Seamus Heaney was born and educated in Northern Ireland. In the 1960s he worked as a teacher at college and university level in Belfast, before moving with his family to Co Wicklow in 1972. After some years as a freelance, he resumed work as a lecturer in Dublin. Then, in 1982, he began his long association with Harvard University, coming and going for a term each year until 1996, when he resigned the Boylston Professorship. Between 1989 and 1994, Heaney also served as Professor of Poetry at Oxford. He was awarded the Nobel Prize in Literature in 1995.

Since the publication of Death of a Naturalist in 1966, Heaney has produced many books of poetry, criticism and translation. An overall view of his work is available in Opened Ground: Poems 1966-1996 and Finders Keepers, Selected Prose 1971-2001. Other recent publications include Beowulf, A New Verse Translation (1998), Electric Light (2001) and District and Circle (2006). His version of Sophocles’ Antigone, entitled The Burial at Thebes, was commissioned by the Abbey Theatre in 2004 as part of their centenary celebrations.
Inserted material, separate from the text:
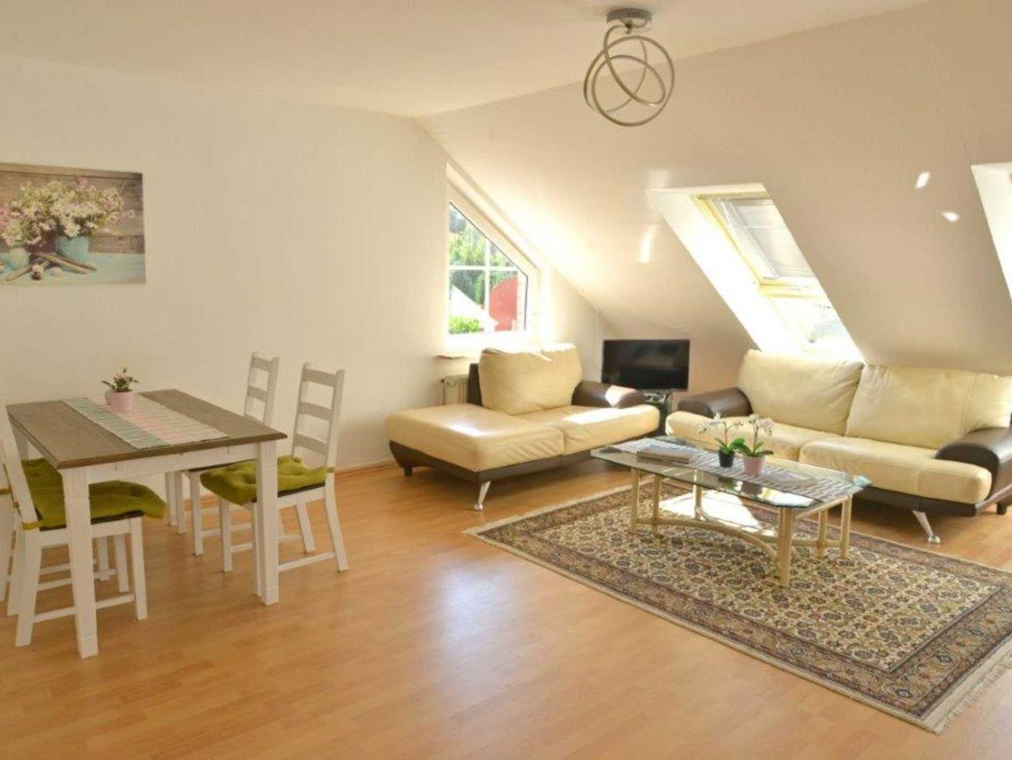 Gut ausgestatte, gemütliche Oberwohnung mit 2 Schlafzimmern. Bad mit Dusche, WC und Waschmaschine. Vollständig ausgestattete Küche und Wohnraum mit Essbereich.

Seamus Heaney is the recipient of many honorary degrees, including ones from Trinity College, Dublin, Oxford University, Harvard, Princeton, and the Jagellonian University in Krakow. He is a member of Aosdána and the Royal Irish Academy, a Companion of Literature in The Royal Society of Literature, a Commandeur de l’Ordre des Arts et Lettres in France and an Honorary Member of the Polish Academy of Arts and Sciences.